Tetua Aleazea bergerak dengan kecepatan tinggi dan menembus dinding es yang diciptakan Ashura. Dengan satu serangan yang mematikan, Tetua Aleazea berniat membunuh Liorael dan Elara, namun serangannya itu dihempaskan Thalindra yang berhasil bangkit dan mengecoh dirinya.
"Kukira kau sudah kalah, Senior Thalindra?" Tetua Aleazea menatap Thalindra yang menyembuhkan perutnya menggunakan sihir.
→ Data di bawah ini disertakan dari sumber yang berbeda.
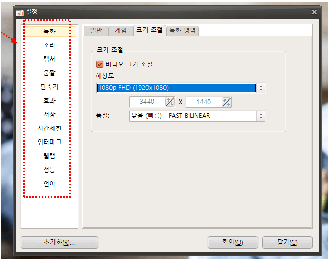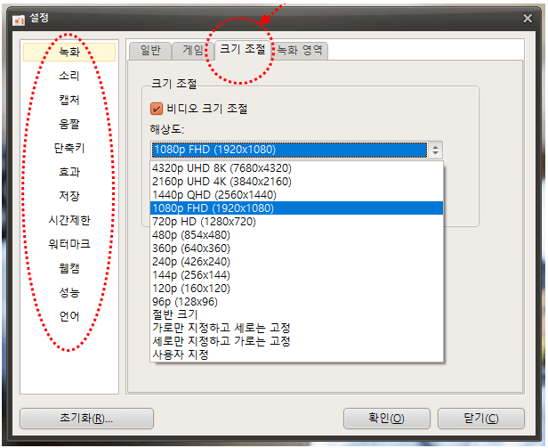 녹화 화면 크기 조절 방법을 예시로 설명드리면, 특별한 이유가 아니면 1080p FHD(1920X1080)으로 설정해주신 다음 사용하시면 됩니다.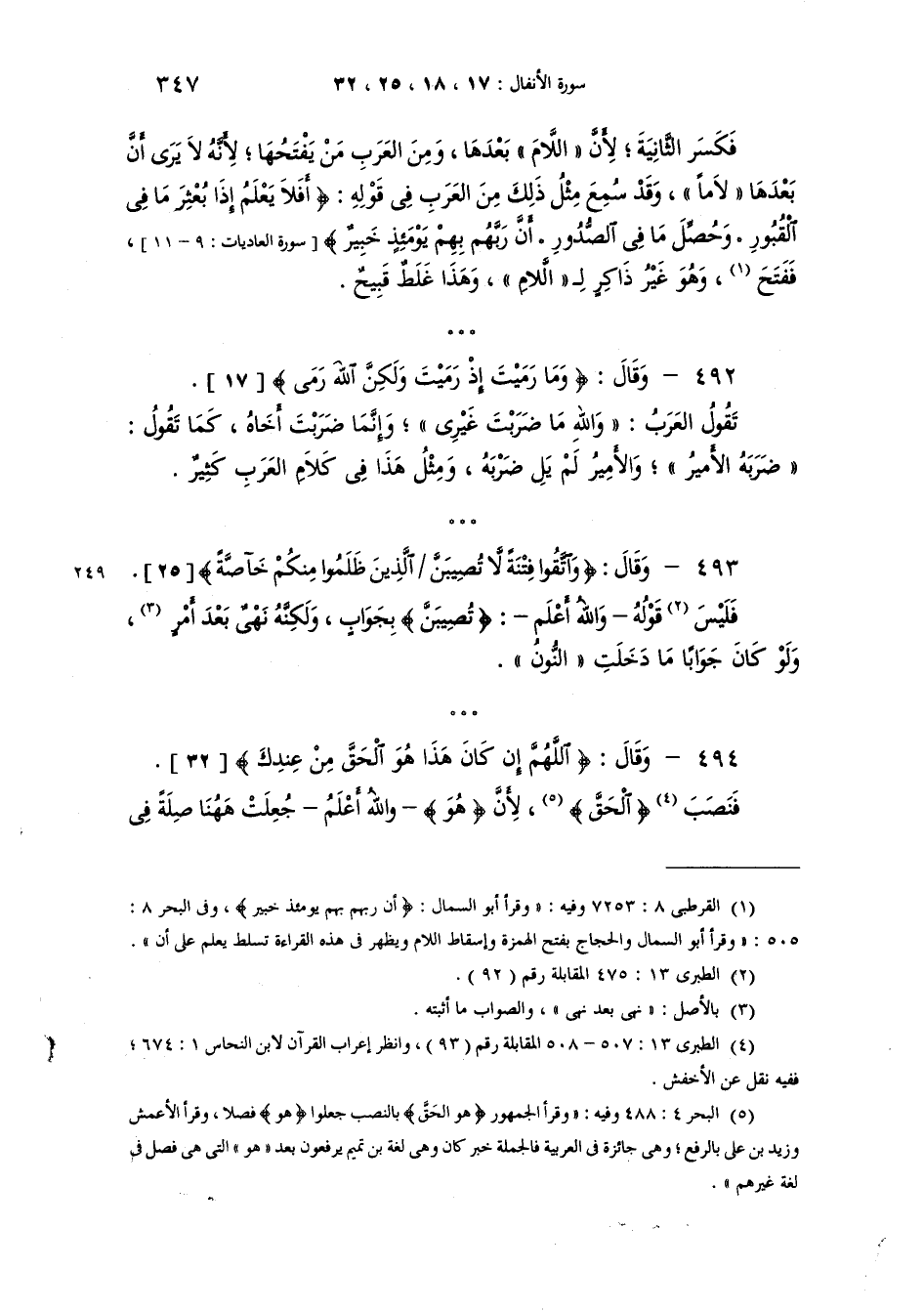 وقال {وَمَا رَمَيْتَ إِذْ رَمَيْتَ ولكنَّ اللَّهَ رَمَى} تقول العرب: "واللهِ ما ضَرَبْتُ غَيْرَهُ" وإِنما ضربت أخاه كما تقول "ضَرَبَهُ الأَميرُ" والاميرُ لم يَلِ ضَرْبَهُ. ومثلُ هذا في كلام العرب كثير.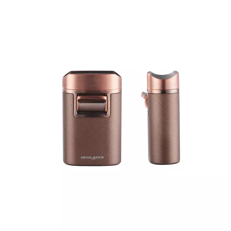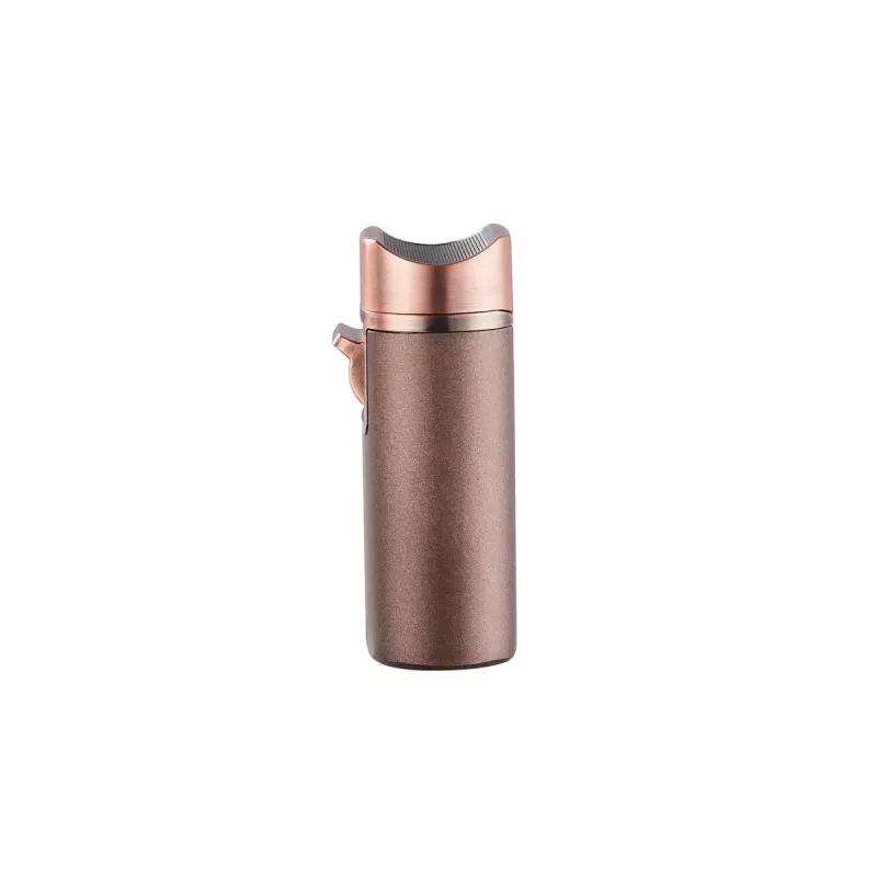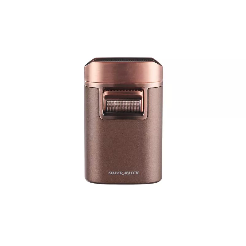 Настільна запальничка благородного мідного кольору із потужним квадро турбополум'ям стане чудовим придбанням або подарунком для поціновувачів сигар. Стійка, надійна, візуально прекрасна, її неможливо не помітити на столі. Особливістю цієї запальнички є ложе для сигари, де вона може відпочити та поділитися з господарем своїм ароматом. У неї стандартний клапан для заправки газом, а також регулятор висоти полум'я. Є віконце контролю газу, запальничка потребує зарядки більшою кількостью газу, за рахунок своїх розмірів та потужності. Висота запальнички 8,3 см, ширина 5,4 см, товщина 2,8 см. Для справжніх шанувальників прекрасних речей. Поставляється в красивій подарунковій коробці.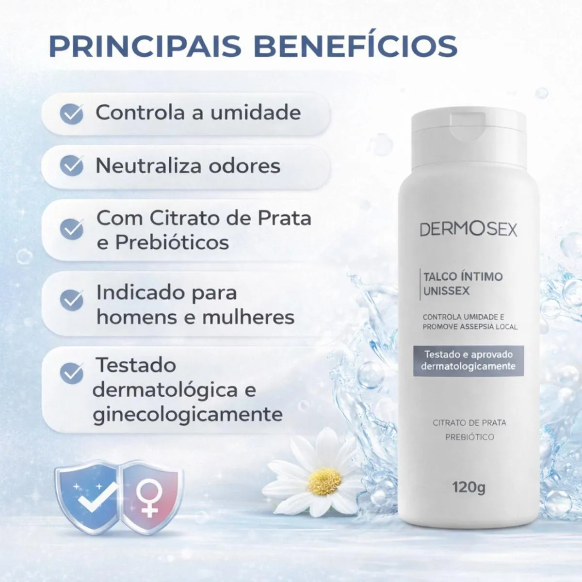 Indicado para região íntima masculina e feminina. Auxilia no controle da umidade e ajuda a manter a pele seca e confortável ao longo do dia. Ideal para uso após atividades físicas, dias quentes ou rotina intensa.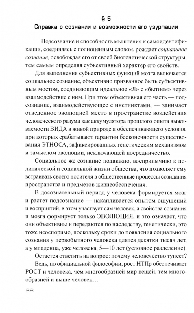 ОписаниеКнига является хрестоматийным изданием предыдущих трех разделов книги "Правда философии для человека…", в которой автор, подводя итоги, делает главные выводы своей аналитической работы над западной философией, раскрывая её лженаучные аспекты, касающиеся природы, общества и человека. Автор вскрывает основные причины дисгармонии мира, которые человечество интуитивно пытается понять две с половиной тысячи лет. Дать этот ответ позволила Русская сторона диалектики, возникшая в результате открытия недостающего науке объективного закона развития, лежащего в основе бытия и биологической жизни на Земле в частности. Закону зависимой востребованности подчинены как бесконечность пространства и времени, так и жизнь прорастающего зерна ржи, также зависящей от земли, воды и солнца. Прочитав книгу, читатель воочию убедится, что и процессы развития примата человека и его сознания также подчинены действию названного закона - общинность от развития инстинктов, памяти от языка и что сознание - это не особая форма материи, а фактор востребованности знания. Сделать публичное сообщение об открытии мешает политическая власть и бесчестная часть науки, вершины знаний и жизненного благополучия которых покоятся на лжи, потому также находятся в прямой зависимости от сделанных открытий, изобличающих Запад.СвернутьКнига является хрестоматийным изданием предыдущих трех разделов книги "Правда философии для человека…", в которой автор, подводя итоги, делает главные выводы своей аналитической работы над западной философией, раскрывая её лженаучные аспекты, касающиеся природы, общества и человека. Автор вскрывает основные причины дисгармонии мира, которые человечество интуитивно пытается понять две с половиной тысячи лет. Дать этот ответ позволила Русская сторона диалектики, возникшая в результате открытия недостающего науке объективного закона развития, лежащего в основе бытия и биологической жизни на Земле в частности. Закону зависимой востребованности подчинены как бесконечность пространства и времени, так и жизнь прорастающего зерна ржи, также зависящей от земли, воды и солнца. Прочитав книгу, читатель воочию убедится, что и процессы развития примата человека и его сознания также подчинены действию названного закона - общинность от развития инстинктов, памяти от языка и что сознание - это не особая форма материи, а фактор востребованности знания. Сделать публичное сообщение об открытии мешает политическая власть и бесчестная часть науки, вершины знаний и жизненного благополучия которых покоятся на лжи, потому также находятся в прямой зависимости от сделанных открытий, изобличающих Запад.СвернутьСвернуть

"Kau pikir kenapa aku bisa bertahan hidup sejauh ini?" Thalindra kali ini menciptakan sebuah pedang berwarna hijau yang dipenuhi mana, "Aku bertahan hidup sejauh ini karena orang-orang memanggilku Sang Putri Pedang!"
Tepat setelah Thalindra mengatakan itu, sebuah tebasan pedang yang dipenuhi energi sihir, memotong tangan kanan Tetua Aleazea.
"Sial!" Tetua Aleazea mengumpat dan berdecak kesal karena lengah.
Lengan tangan kanannya terjatuh tepat dihadapan Ashura.
"Meledaklah!" ujar Tetua Aleazea dan tak lama lengan kanannya itu meledak.
BOOOMMM!!!
"Bocah!" Thalindra berteriak kearah Ashura dan bergerak secepat mungkin.
"Ashura!" Serlin dan yang lain juga bergerak melindungi Ashura.
Sementara itu Tetua Aleazea menatap tajam kebawah sana dan memperhatikan Ashura yang tidak terluka sama sekali.
Seperti sebelumnya saat menciptakan sebuah pelindung es, serpihan es dalam tubuhnya bergerak dengan sendirinya untuk melindungi Ashura dari bahaya.
"Malphas Sulfur, aku menemukan yang menarik disini! Tidak akan kubiarkan kau memilikinya!" ujar Tetua Aleazea sambil menyembuhkan lengan kanannya.
Sementara itu yang lainnya mencoba menyadarkan Ashura yang terlihat kelelahan karena mana dalam tubuhnya terkuras.
Diwaktu yang sama pasukan dari Dark Elf dan Wood Elf telah sampai dilokasi dan menyerang satu sama lain.
"Kalian semua akan menjadi budakku!" ujar Tetua Aleazea diatas sana.
Terlihat tubuhnya secara perlahan muncul retakan dan dari retakan itu menjadi hancur.
Kabut hitam perlahan menyelimuti sosok Tetua Aleazea yang melayang diudara. Tubuhnya tinggi dan ramping seperti elf pada umumnya, namun keindahan wajahnya terasa tidak wajar, seolah-olah dipahat oleh tangan dewa yang telah jatuh ke dalam kegelapan.
Rambut peraknya menjuntai hingga pinggang, berkilau seperti cahaya bulan yang tercemar darah. Dari balik rambut itu tampak sepasang telinga runcing khas bangsa elf, tetapi urat-urat hitam menjalar di sepanjang kulit pucatnya seperti akar pohon mati.
Dengan tatapan matanya yang dingin, Tetua Aleazea mengatakan kepada semua orang yang melihat wujudnya.
"Noctis, Iblis Bulan Darah telah kembali!"